Si on en croit les tout derniers sondages de la campagne électorale, le Parti libéral dirigé par Jean Charest semble bien se diriger vers un gouvernement majoritaire.

L'électorat n'aurait donc pas écouté les nombreuses voix qui affirment que les gouvernements minoritaires sont souhaitables, parce qu'ils permettent de contrer l'arrogance du pouvoir et forcent les gouvernements à se mettre à l'écoute du peuple. Ce courant, que l'on pourrait appeler le «minoritarisme», peut sembler attrayant au premier abord. Mais les résultats le sont moins.

 

Ce discours vient en premier lieu de la scène politique fédérale, où l'on a connu trois gouvernements minoritaires de suite. Il ne s'agit pas, rappelons-le, d'un choix conscient ou d'un souhait des électeurs canadiens, mais la résultante d'une impasse politique, l'incapacité des grands partis nationaux à s'imposer suffisamment pour obtenir un mandat majoritaire.

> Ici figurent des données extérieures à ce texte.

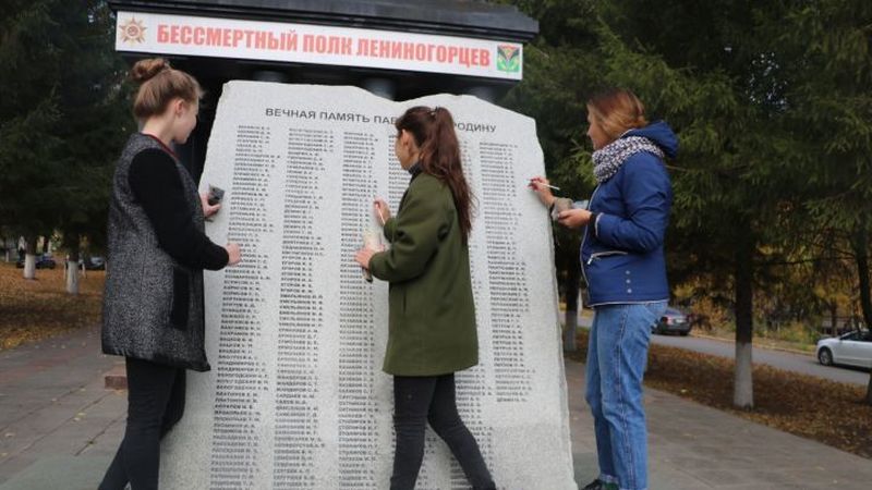 Памятник павшим героям должен выглядеть достойно. Более четырехсот имен солдат, сложивших головы на поле брани, запечатлены на мемориальной доске, установленной на Аллее героев. Важную миссию по восстановлению поручили профессионалам, а именно, учащимся художественно-педагогического колледжа. Осень в Лениногорске в этот день пахла краской и растворителем, а кисточки аккуратно вырисовывали буквы имен и фамилий героев нашего города. Просьба лениногорцев была выполнена, буквам на барельефе вернули «читабельный» вид. Важно отметить, что обновление их будет регулярным, потому что сырая погода может испортить любой знак, нанесенный краской.

C'est surtout lors de la dernière campagne électorale fédérale qu'on en a fait un projet politique. La perspective d'une victoire conservatrice majoritaire a amené libéraux, néo-démocrates et bloquistes à se proposer comme rempart pour empêcher Stephen Harper d'être majoritaire. On évoquait les risques d'une dérive hyperconservatrice s'il détenait la majorité. L'argument, on l'a vu récemment, était fondé.

Mais ne nous y trompons pas. Il y avait aussi du calcul politique. Les gouvernements minoritaires donnent au Bloc et au NPD, éternels partis de l'opposition, un pouvoir qu'ils n'auraient pas autrement. Quant aux libéraux, il est évident qu'ils ne croient pas sincèrement que les gouvernements majoritaires sont, en soi, une mauvaise chose. Ce n'était pas une doctrine pour eux, mais le plan B d'un parti mal en point qui ne pouvait pas remporter les élections.

Il existe un autre courant, plus sincère, pour qui un gouvernement minoritaire incarne mieux la démocratie, souvent des militants des petits partis ou des partisans du vote proportionnel qui voudraient que les parlements reflètent mieux la multiplicité des points de vue qui s'expriment dans la société. Il y a là une pointe de populisme, un désir de démocratie directe qui correspond à une autre conception du pouvoir dont je cherche encore les vertus.

On a eu l'expérience de trois gouvernements minoritaires à Ottawa. Et ça n'a pas été joli. Le temps considérable consacré aux chicanes partisanes, l'instabilité qui mène aux élections à répétition, la paralysie de l'appareil d'État, et des gouvernements obsédés par l'immédiat et par les perspectives électorales.

On ne peut cependant pas transposer ce fiasco au cas québécois, ni dans un sens ni dans l'autre. D'abord, on a bien vu que l'Assemblée nationale n'a pas été en crise, notamment parce que la dynamique à trois est plus stable que le cirque à quatre fédéral.

Ensuite, l'idée qu'il faut empêcher Jean Charest d'être majoritaire comme on l'a fait pour Stephen Harper ne tient pas la route, parce que le chef libéral n'a pas d'intentions cachées. Il faut voir cette thèse pour ce qu'elle est: le plan B de partisans du Parti québécois qui découvrent qu'ils ne peuvent pas remporter les élections.

Cet argument repose sur ce qu'on a qualifié d'arrogance du premier ministre Charest lorsqu'il était majoritaire. J'y vois plutôt la maladresse d'un gouvernement qui n'était pas prêt. Mais il est intéressant de noter que les deux grands dossiers que l'on associe à cette arrogance, Orford et le Suroît, sont justement deux cas où le gouvernement libéral, même majoritaire, a dû reculer devant la pression populaire! Ce qui montre qu'un gouvernement majoritaire n'est pas une dictature, et qu'il doit rester à l'écoute pour pouvoir fonctionner.

Mais est-ce que les libéraux ont mieux fait lorsqu'ils étaient minoritaires? Il est clair que leur semi-défaite les a ébranlés, ce qui leur a fait du bien. Mais le résultat a quand même été un gouvernement qui n'avait pas de marge de manoeuvre, qui devait être prudent, qui devait éviter de brasser la cage, qui ne pouvait pas bouger sans avoir un oeil sur les sondages. C'est certainement plaisant, mais est-ce que c'est la meilleure façon de gouverner?

Un gouvernement est aussi là pour prendre des décisions parfois impopulaires, pour penser à l'avenir même quand ce n'est pas dans les préoccupations, pour proposer une vision, même si elle n'est pas au départ consensuelle. Un gouvernement doit aussi être capable de traverser des moments d'impopularité sans risquer de se faire renverser. Rien de cela ne sera possible tant que nos gouvernements seront minoritaires.